> **WORK TO BE COMPLETED**
Everything in the listing below should be repeated exactly, apart from the pictures.

> **RAW DATA**
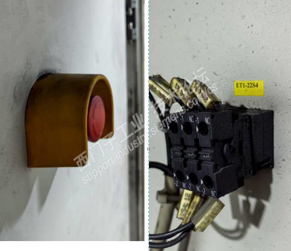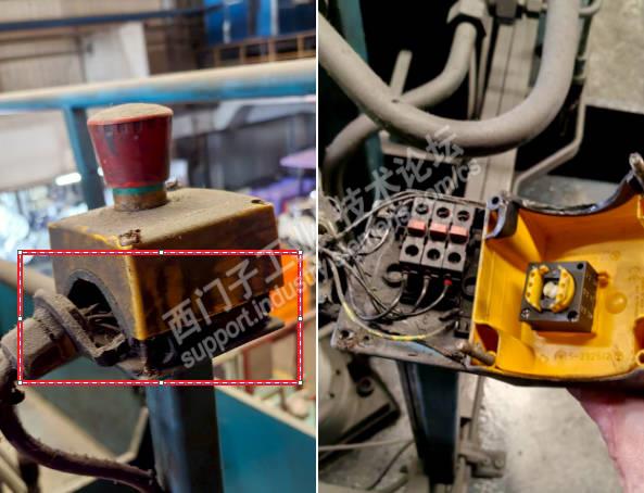 前一段时间,在运维过程中发现某设备顶部位置的一个急停按钮盒破损,需要更换确保设备的安全、稳定性,图示1:
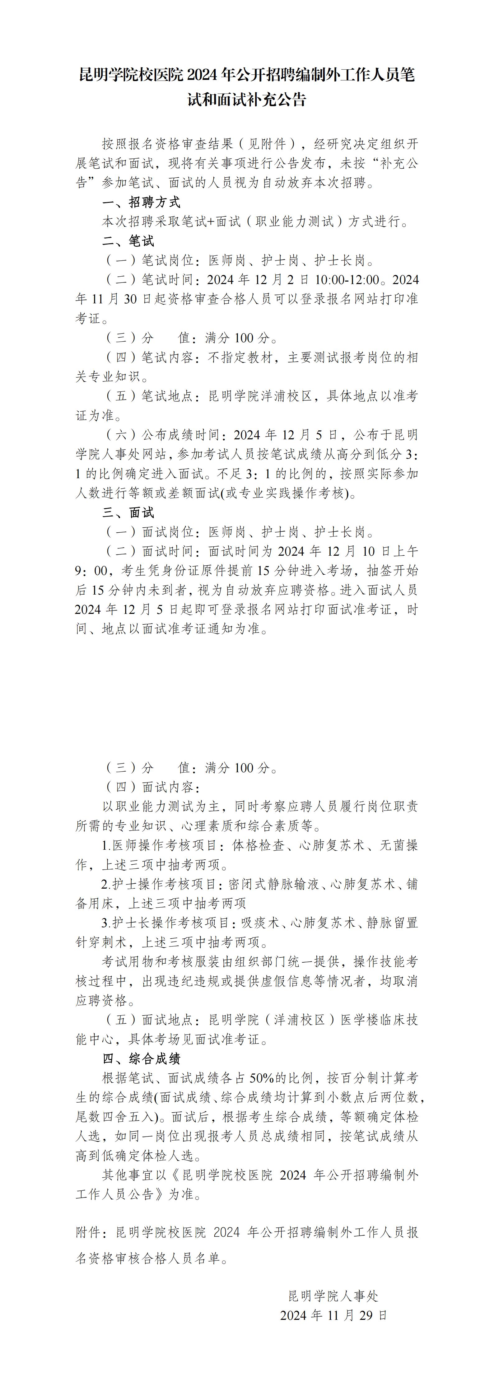 附件【附件:昆明學(xué)院校醫(yī)院2024年公開招聘編制外工作人員報名資格審核合格人員名單.pdf】
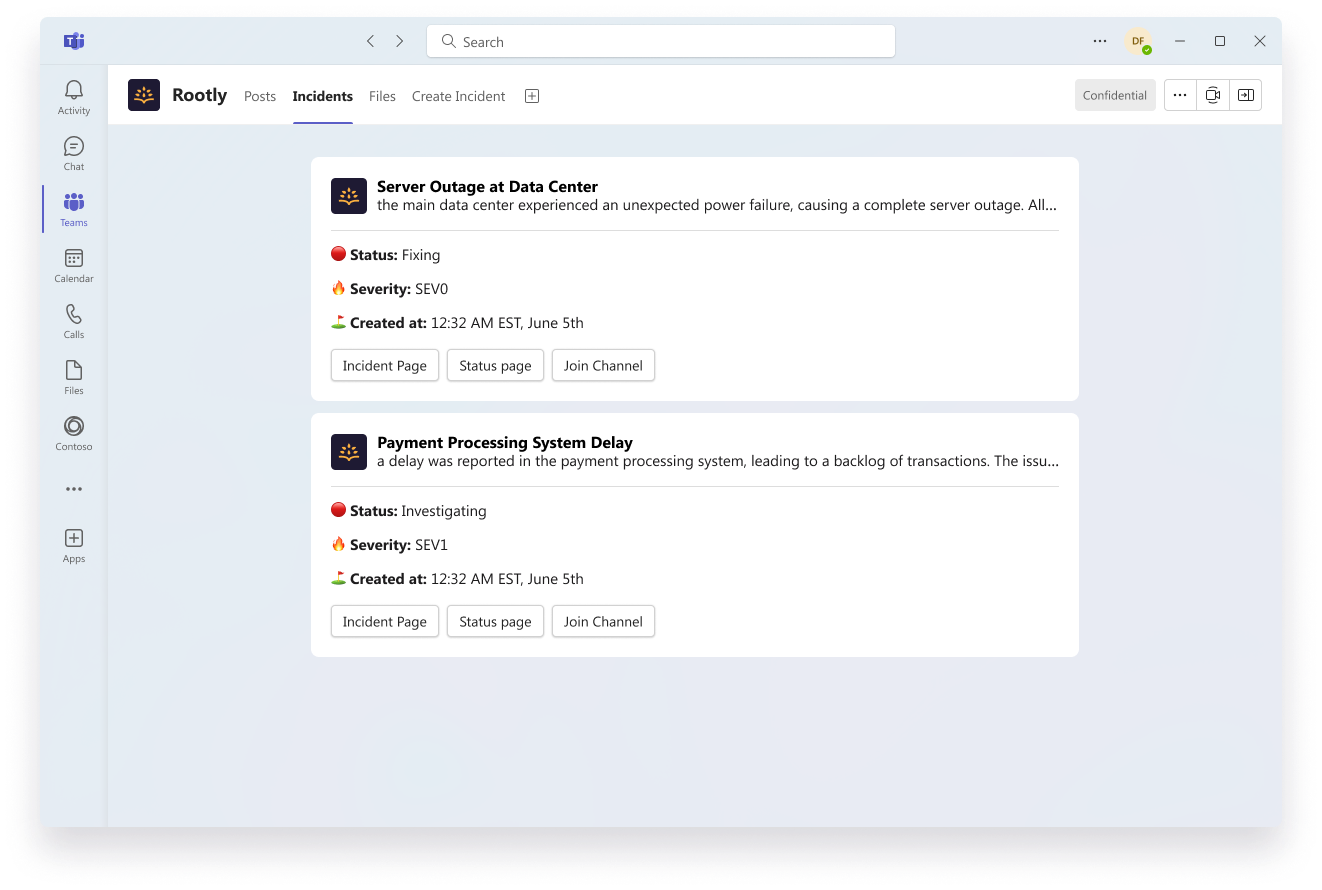 - Incident orchestration natively in Teams: Spin up dedicated channels and tabs for incidents directly within Teams, so all stakeholders—engineers, leadership, customer ops—can rally around one source of truth.
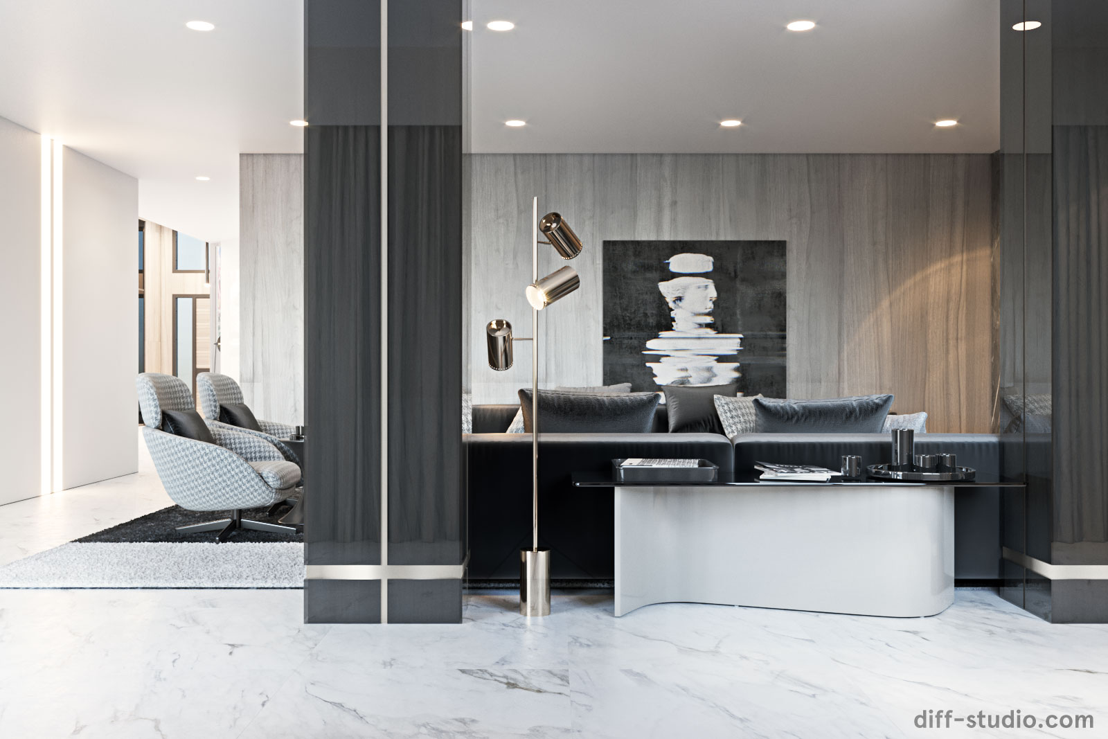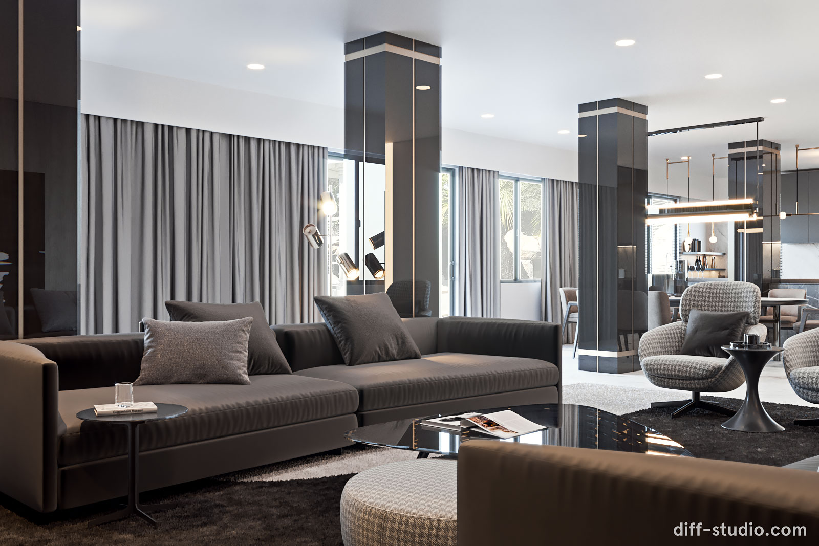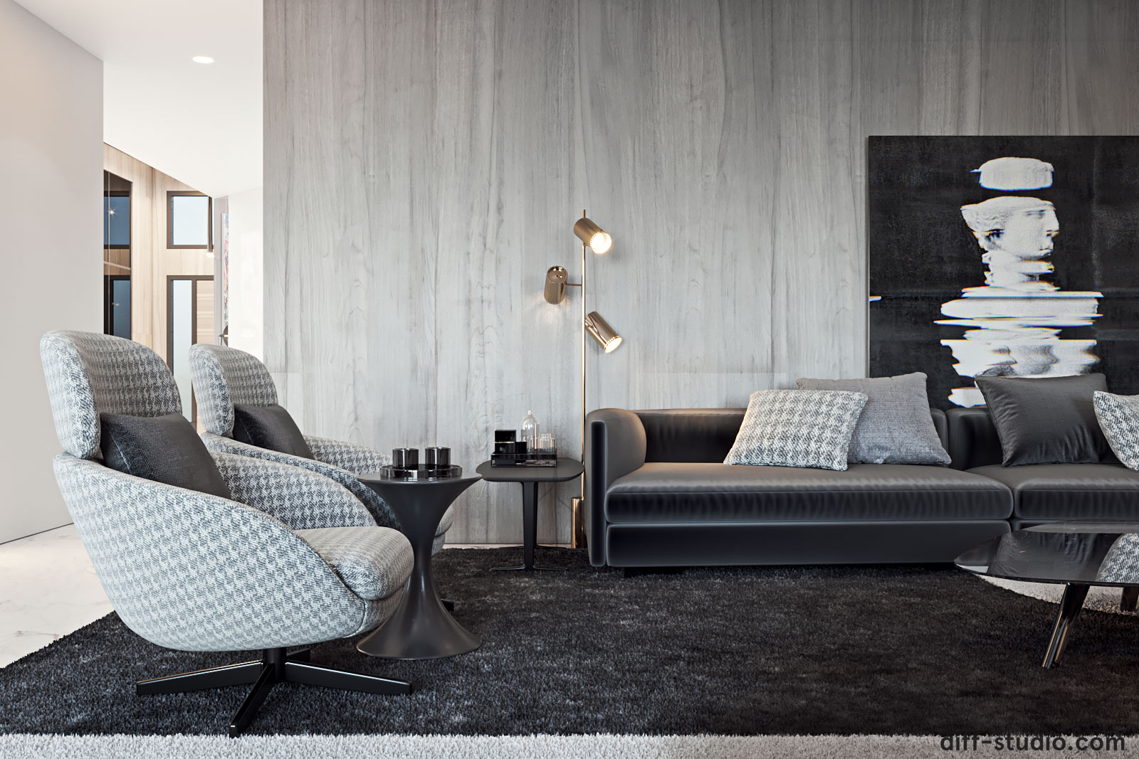 客廳作為家的“臉面”,是承載人際活動最多的場所。由Diff.studio工作室操刀的本案例,將黑白灰搭配到了極致。整個客廳像素描一般,用簡單的一只鉛筆勾勒出栩栩如生的輪廓與質感。呈現出內斂、紳士、大氣的屋主氣質。

> **COMPLETED EXERCISE**
 前一段时间,在运维过程中发现某设备顶部位置的一个急停按钮盒破损,需要更换确保设备的安全、稳定性,图示1:
 附件【附件:昆明學(xué)院校醫(yī)院2024年公開招聘編制外工作人員報名資格審核合格人員名單.pdf】
 - Incident orchestration natively in Teams: Spin up dedicated channels and tabs for incidents directly within Teams, so all stakeholders—engineers, leadership, customer ops—can rally around one source of truth.
 客廳作為家的“臉面”,是承載人際活動最多的場所。由Diff.studio工作室操刀的本案例,將黑白灰搭配到了極致。整個客廳像素描一般,用簡單的一只鉛筆勾勒出栩栩如生的輪廓與質感。呈現出內斂、紳士、大氣的屋主氣質。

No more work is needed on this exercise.